While the size-mass relation provides insight into the structural evolution of galaxies, the data available and methods employed have hindered our ability to study a detailed and comprehensive description of this key relation across cosmic history. The first paper in this series presents a morphology catalog based on 20 band JWST data in the field of Abell 2744. In this paper we utilize this catalog to measure the size-mass relation from $0.5<z<8$ and $0.5<z<3$ for star-forming and quiescent galaxies respectively. We perform a global fit to our sample using B-splines to flexibly model the redshift evolution which enforces smooth evolution and can account for all observational uncertainties. Symbolic regression is used to derive simple and portable expressions that describe the redshift evolution of the size-mass relation. Analyzing the size evolution of star-forming galaxies in the context of previous work at $z\sim0$ and $z>10$, we discuss three distinct phases: Rapid growth at $z>5$, growth that mimics dark matter halos at $5< z <1$ and a late plateau at $0.5<z<1$. For quiescent galaxies we confirm previous findings that the size-mass relation flattens at $\log\ M_*/M_\odot < 10$, which inverts at $z>1$. Our results imply that quiescent galaxies are smaller than their star-forming counterparts only at around $\log M_*/M_\odot = 10$; the two populations have similar sizes at lower and higher masses.

Figures (13)

• Figure 1: An overview of the sample of galaxies from UNCOVER/MegaScience used in our global size mass fit. We show three panels each with a different slice of the three dimensional relationship between stellar mass, rest-frame optical size and redshift. In each panel star forming galaxies are shown with the colored points where the color describes the median of the third parameter calculated using the loess algorithm.cleveland1979cappellari2013. Quiescent galaxies are shown as individual red points.

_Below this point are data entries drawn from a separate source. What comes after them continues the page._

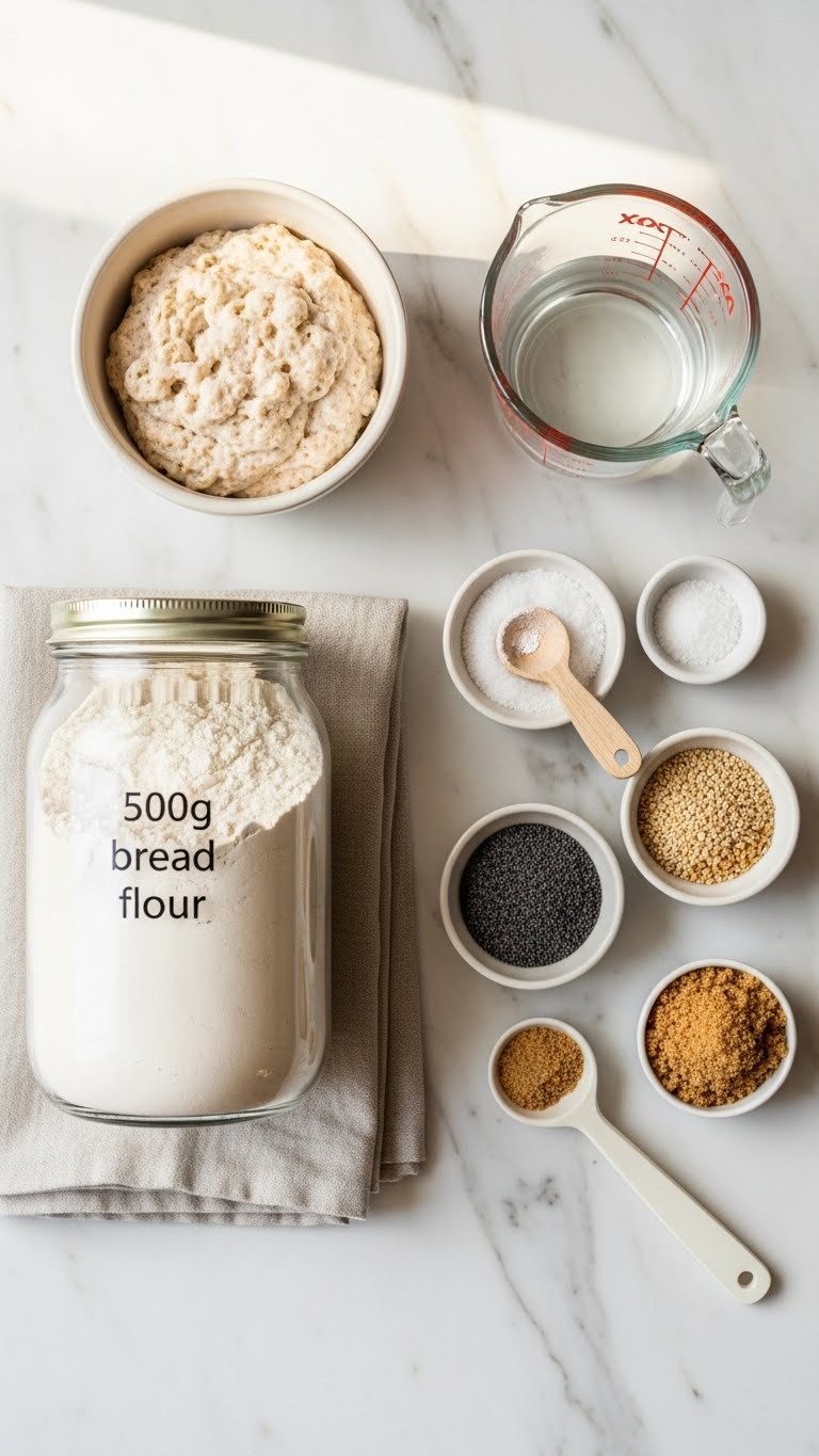 - Autolyse: Mix 500 g flour and 300 g water until no dry streaks. Rest 30 minutes.
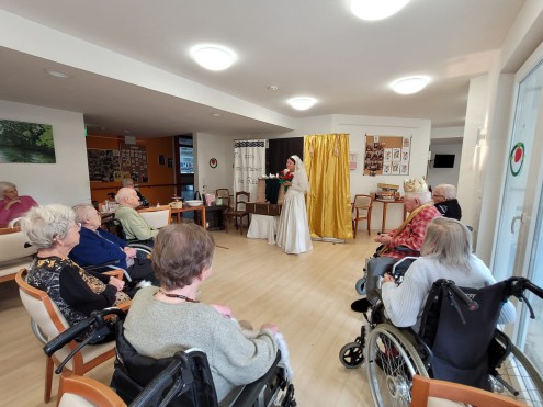 So kurz vor Ostern ließen es sich die Mitglieder des Ensembel Zirkus Frankordi nicht nehmen, unsere Bewohnerinnen und Bewohner im DAHEIM bestens mit artistischen Einlagen zu unterhalten. Der Zirkus Frankordi hat sich darauf spezialisiert, vor den Bewohnern von Pflegeheimen aufzutreten. Für unsere Bewohner war der Auftritt von Jennifer und Riccardo Frank mit ihren Kindern eine besondere Abwechslung. Ein Dankeschön geht auch an die Mitarbeiterinnen und Mitarbeiter des DAHEIM, die den Auftritt wunderbar vorbereitet und begleitet haben.
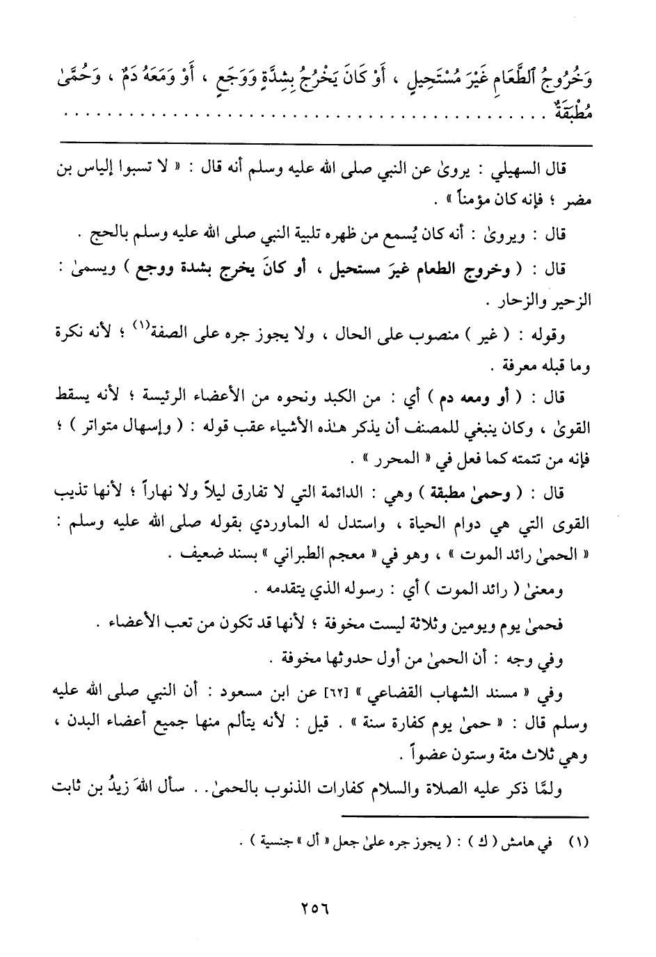 قال: (وحمى مطبقة) وهي: الدائمة التي لا تفارق ليلًا ولا نهارًا، لأنها تذيب القوى التي هي دوام الحياة، واستدل له الماوردي بقوله صلى الله عليه وسلم: (الحمى رائد الموت)، وهو في (معجم الطبراني) بسند ضعيف.
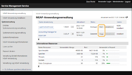 2 | Klicken Sie auf [Start] / [Stopp] für die zu verwendende MEAP-Anwendung. ![]() ![]() Sie müssen das Gerät je nach MEAP-Anwendung neu starten. Befolgen Sie die Bildschirmanweisungen, und starten Sie das Gerät neu. Wenn die für Speicher, Threads, Sockets oder Dateideskriptoren benötigten Ressourcen erschöpft sind, wird die Anwendung nicht mehr gestartet, selbst wenn Sie auf [Start] klicken. |
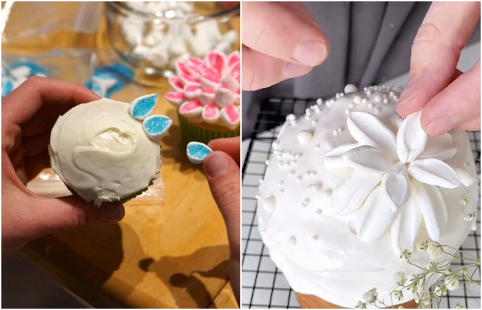 Итак, каждую зефирку нарежьте на небольшие кусочки и слегка разомните пальцами, чтобы придать форму лепестка. После этого выложите их на глазурь в виде цветка (важно, чтобы она еще не засохла), а по центру расположите присыпку. Если ее не оказалось под рукой, можете использовать зефир другого цвета – получится тоже очень красиво.

• Figure 2: Basis functions using in the B-Splines to describe the redshift evolution of the size-mass parameters for star-forming galaxies (top) and quiescent galaxies (bottom). For star-forming galaxies we using a 3rd order spline with 12 basis function calculated using knots that are spaced equally in $\log(1+z)$ across $0.4<z<8.5$. For quiescent galaxies we also used a 3rd order spline with the same spacing but only use 6 basis function between $0.4<z<3.5$
• Figure 3: The measured evolution of the parameters describing the size-mass relationship for star-forming galaxies (defined in Eqn. \ref{['eqn:sf_pl']} and Eqn. \ref{['eqn:sf_sig']}. The red line showcases the median of the posterior with the error bars denoting the 16th - 84th percentile interval. 250 individual draws from the posterior are shown as the thin black lines. Our method utilizing B-splines to model the redshift evolution allows for complex and non-monotonic evolution while maintaining continuity and smoothness. Qualitatively we find that that the average size of galaxy, as indicated by the intercept $b$, decrease as a function of redshift, except for a plateau at $z<1$, while the slope of the size-mass relation, $m$, stays decreases from $z=0.5$ to $z=1$ but stays constant afterwards.

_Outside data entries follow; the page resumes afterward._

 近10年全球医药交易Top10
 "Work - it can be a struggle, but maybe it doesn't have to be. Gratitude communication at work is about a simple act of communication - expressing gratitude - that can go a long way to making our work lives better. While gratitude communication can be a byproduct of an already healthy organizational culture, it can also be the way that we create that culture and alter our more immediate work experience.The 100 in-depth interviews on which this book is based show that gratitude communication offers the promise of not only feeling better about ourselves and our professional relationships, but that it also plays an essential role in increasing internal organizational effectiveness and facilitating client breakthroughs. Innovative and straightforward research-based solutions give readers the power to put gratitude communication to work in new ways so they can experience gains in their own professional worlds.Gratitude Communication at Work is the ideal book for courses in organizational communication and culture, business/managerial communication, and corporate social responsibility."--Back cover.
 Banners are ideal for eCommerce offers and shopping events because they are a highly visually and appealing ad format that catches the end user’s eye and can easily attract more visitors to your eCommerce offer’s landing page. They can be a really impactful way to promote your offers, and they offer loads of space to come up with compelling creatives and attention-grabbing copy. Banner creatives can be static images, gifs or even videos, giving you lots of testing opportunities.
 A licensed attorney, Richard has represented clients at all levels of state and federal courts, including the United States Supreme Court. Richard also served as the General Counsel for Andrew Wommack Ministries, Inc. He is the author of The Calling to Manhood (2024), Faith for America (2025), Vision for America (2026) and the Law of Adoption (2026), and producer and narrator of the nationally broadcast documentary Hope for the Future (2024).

• Figure 4: The average size and intrinsic scatter as a function of mass and redshift as measured in this study. The redshift evolution of the average size as function of redshift for three different masses are shown in the top panel. The error bars here denote the measurement uncertainty, not the scatter within the population. At $z>1.5$ the rate of growth is similar across all masses as the slope of the size-mass relation is constant, however at $z<1$ we find more of a turnover in low mass galaxies compared to higher masses at $\log M_*/M_\odot > 9$. The measured scatter around the size-mass relation is shown as a function of mass and redshift in the bottom panel. We find a consistent negative mass dependence of the scatter, galaxies at $\log M_*/M_\odot = 10$ show a scatter of around 0.2 dex whereas for low mass galaxies at $\log M_*/M_\odot = 8$ the scatter is measured to be 0.22 dex. However, our constraints on the scatter are weak at $z>4$ due to the limited sample size of galaxies at this redshift.

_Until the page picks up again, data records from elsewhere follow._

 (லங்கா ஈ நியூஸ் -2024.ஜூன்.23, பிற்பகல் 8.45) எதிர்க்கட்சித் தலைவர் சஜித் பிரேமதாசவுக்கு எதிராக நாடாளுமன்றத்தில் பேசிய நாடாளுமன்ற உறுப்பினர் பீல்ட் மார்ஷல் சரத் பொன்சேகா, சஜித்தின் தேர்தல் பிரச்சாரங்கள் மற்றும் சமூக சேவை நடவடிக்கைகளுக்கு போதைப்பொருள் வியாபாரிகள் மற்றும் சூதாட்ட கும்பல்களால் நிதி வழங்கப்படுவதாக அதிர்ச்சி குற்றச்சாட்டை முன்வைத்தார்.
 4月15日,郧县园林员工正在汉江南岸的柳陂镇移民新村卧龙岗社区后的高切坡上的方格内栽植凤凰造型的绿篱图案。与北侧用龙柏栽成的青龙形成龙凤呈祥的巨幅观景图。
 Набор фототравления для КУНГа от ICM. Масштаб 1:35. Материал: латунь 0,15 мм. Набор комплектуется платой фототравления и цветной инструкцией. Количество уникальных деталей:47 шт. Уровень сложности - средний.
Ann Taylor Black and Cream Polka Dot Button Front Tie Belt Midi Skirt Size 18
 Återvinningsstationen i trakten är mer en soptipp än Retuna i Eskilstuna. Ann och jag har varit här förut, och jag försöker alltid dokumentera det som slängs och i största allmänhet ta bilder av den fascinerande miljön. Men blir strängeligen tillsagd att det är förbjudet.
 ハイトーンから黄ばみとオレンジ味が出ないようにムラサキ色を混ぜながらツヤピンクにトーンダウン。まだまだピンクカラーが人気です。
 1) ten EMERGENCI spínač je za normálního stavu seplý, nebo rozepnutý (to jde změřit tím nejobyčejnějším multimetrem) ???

• Figure 5: The measured redshift evolution of the parameters defining the double-power law model for the size-mass relationship of quiescent galaxies (Eqn. \ref{['eqn:q_dpl']} . In the top panel we display the evolution of the normalizations, the pivot radius, $r_p$ and mass, $M_p$. The bottom panel displays the low mass slope, $\alpha$, high mass slope, $\beta$ and the log-normal scatter. We find the pivot radius and low mass slope both decrease towards high redshift while the other three parameters show no evolution.